This wedge issue is used by the far-right much like other wedge issues; attacks on trans people; attacks on equality legislation; attacks on councils; attacks on a nebulously defined ‘wokeness’. These wedge issues offer visible ‘threats’ which have effectively mobilised people to the right.

On Two-Tier Policing

The most modern of these mobilising passions is the accusation of ‘two-tier policing’ – a claim that has been repeated by Nigel Farage in the House of Commons. This construction of a phantasmic reality where the police are simultaneously working against white people and part of a large conspiracy, while also being hampered by ‘wokeness’ and ‘DEI initiatives’ (imported American terminology) allows the far-right to position themselves as both actively fighting against a corrupt state and fighting for the real essence of their nation.

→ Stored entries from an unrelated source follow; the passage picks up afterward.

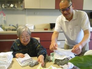 お茶のパック詰め、お膳拭き、洗濯物たたみなど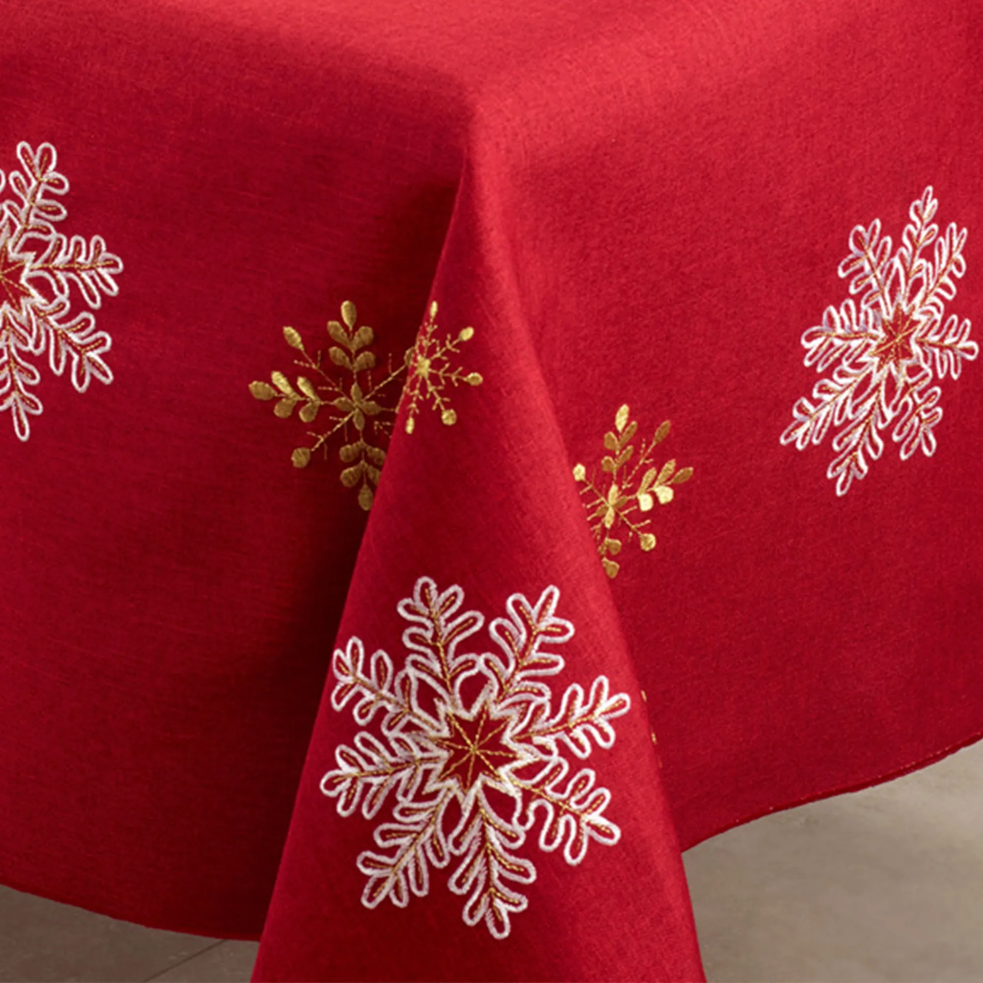 Holiday Snowflakes Red Embroidered Table Linens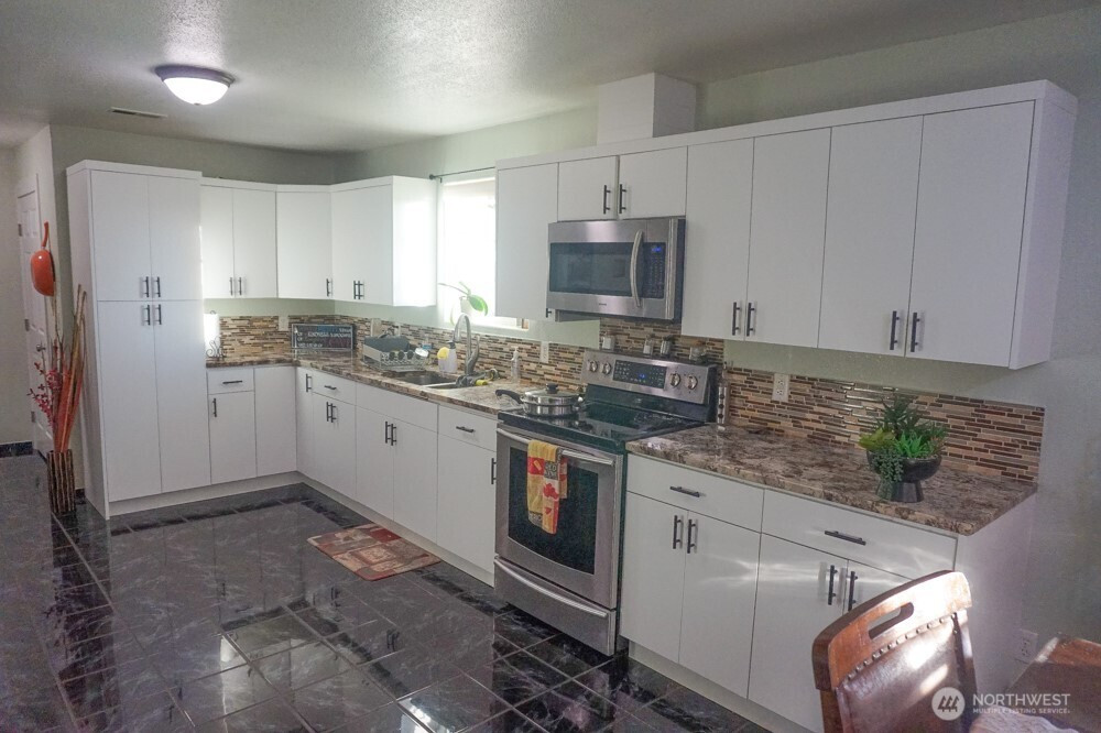 Beautiful 5 BR 2 BA home on 5+ irrigated acres with shop. Owned by original owners for over 30 yrs. Walk inside the home and be greeted by the tile floors and spacious living room. The kitchen has tiled floors, new white cabinets with granite counters. Rooms are spacious with new LVP floors, white trim and doors. Mstr BR has a walk-in closet, full BA with tiled shower, tiled floors, new granite counters and LED lighting. Main BA features dual vanity sinks, granite counters with tiled shower. Home has had many upgrades over the years and homeowner pride shows. Shop is 2,160 sq ft, additional outbuildings, animals allowed, underground sprinkler lines to irrigate property, no HOAs, room for your toys. Schedule a showing before its gone.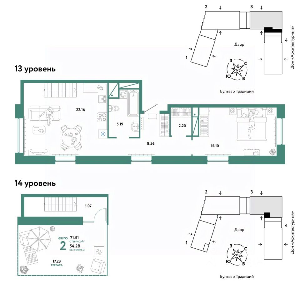 Продается 2комнатная квартира на 13 этаже от застройщика Страна Девелопмент. Площадь квартиры 71,51 кв. м.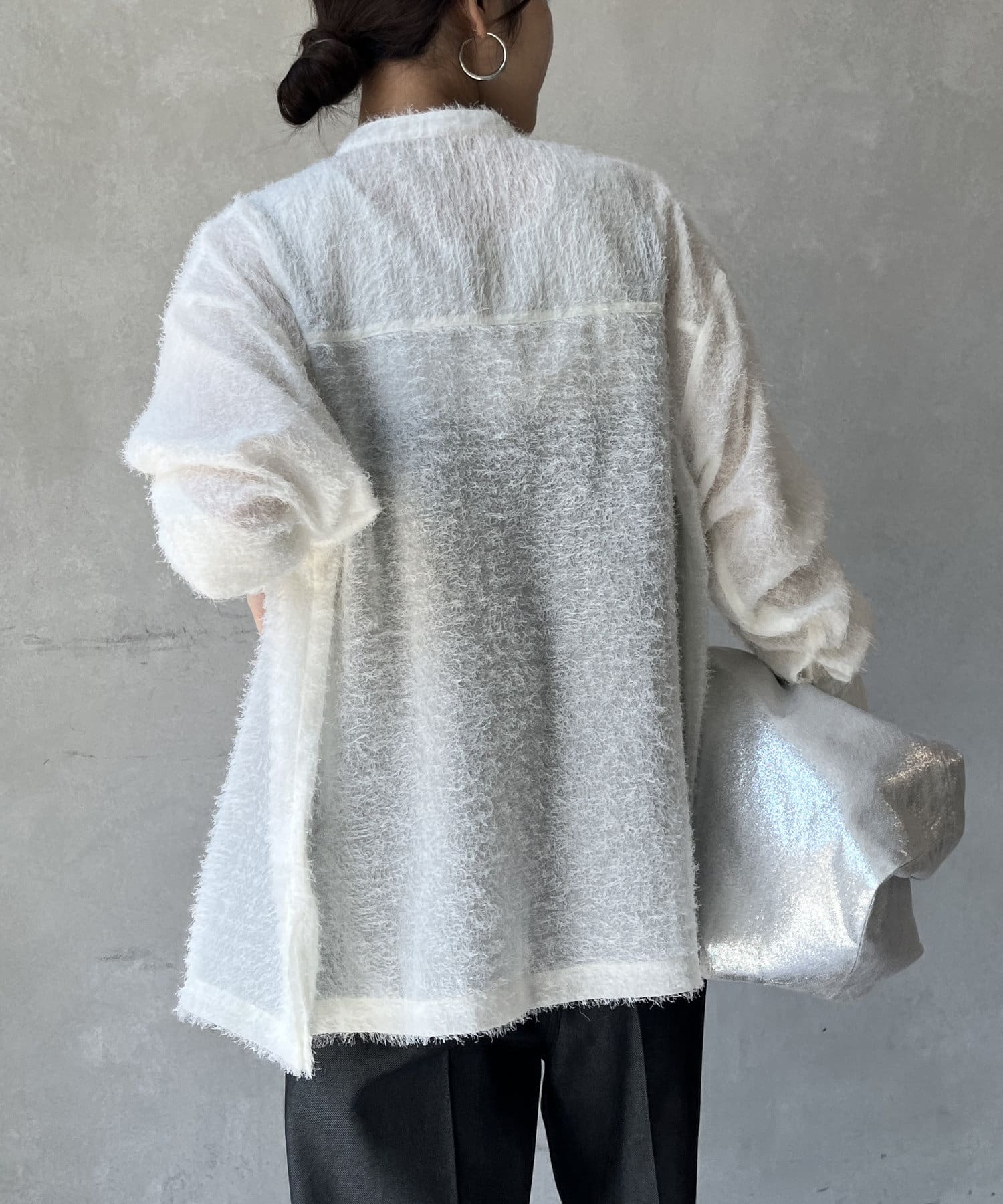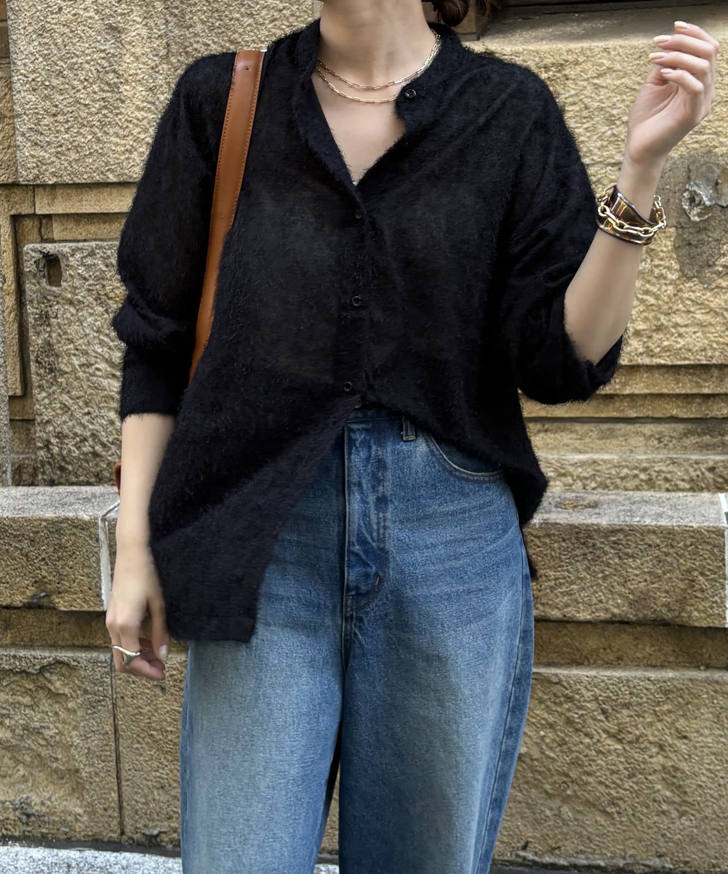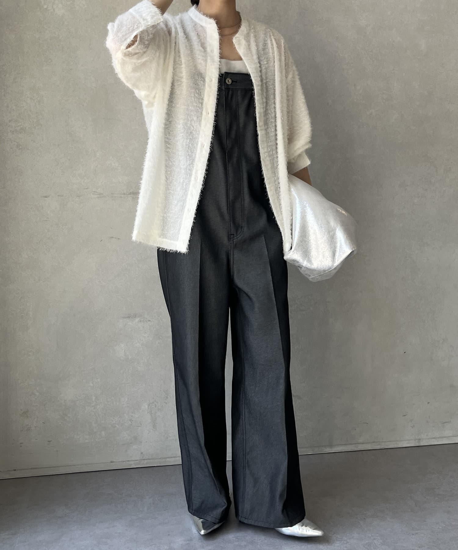 ノーカラー襟が上品な女性らしさをプラスしてくれ、いつものスタイルにマッチ!

Regarding the police, there is one important thing to note: There is two-tier policing in the UK.

Last year workers in the UK worked unpaid overtime worth £28 billion. You will not see the police chasing the CEOs of these companies down the street and putting them in headlocks. At best they’ll get a fine through the post. Most likely, the only thing they’ll get is away with it.  

There is also two-tier policing in the way that young Black people are policed, with police officers frequently getting away with committing abuses and killing young Black boys. It is absurd to suggest there is a two-tier policing system against white men when names like Christopher Alder, Mouayed Bashir and Mohammed Hassan still ring in the ears of those with memories. When the joking texts sent between Met officers about the murderer of Sarah Everard burn in the minds of every woman who has to interact with a police officer.

On the future

Neofascism exists because of the ongoing crises facing the world. It grows because those with the power and influence to exploit these crises in their own favour do so. It thrives because those who pretend to be against it legitimise it through accepting their points and giving us watered down far-right political policy. When you see Reform UK saying, ‘Of course street violence is wrong, but…’ understand that what they’re really saying is ‘Vote for us and we can and will enact this violence on non-white communities legally, with the mechanisms of the state.’ 

The government and the media’s framing of migrants and asylum seekers as ‘illegal’ further legitimises the far-right. It enables the violence that has been committed by adhering to the far-right’s narrative that seeking asylum is inherently ‘illegal’ which has always been a lie. This legitimisation emboldens people to enact violence, allowing them to view themselves not as racists attacking minorities but as a gang of vigilantes enacting a law that doesn’t exist.

The future is uncertain. But as the fires turn to embers and the embers turn to ash, we must remember that this moment is not over.

We must remember that people are able to feel injustice is being done to them every single day. It is that feeling of injustice that the far-right exploits. The injustices that the far-right point to are false targets. The far-right point to injustices while forming lynch mobs and creating injustices through their own actions. There is no need for us on the left to legitimise those who are participating in race riots. There is an active need for us to call out those injustices committed by the lynch mobs.

People are insecure and afraid. People can feel the rising cost of housing suffocating them, the rising cost of living starving them. They can feel the very real everyday pressures of capitalism.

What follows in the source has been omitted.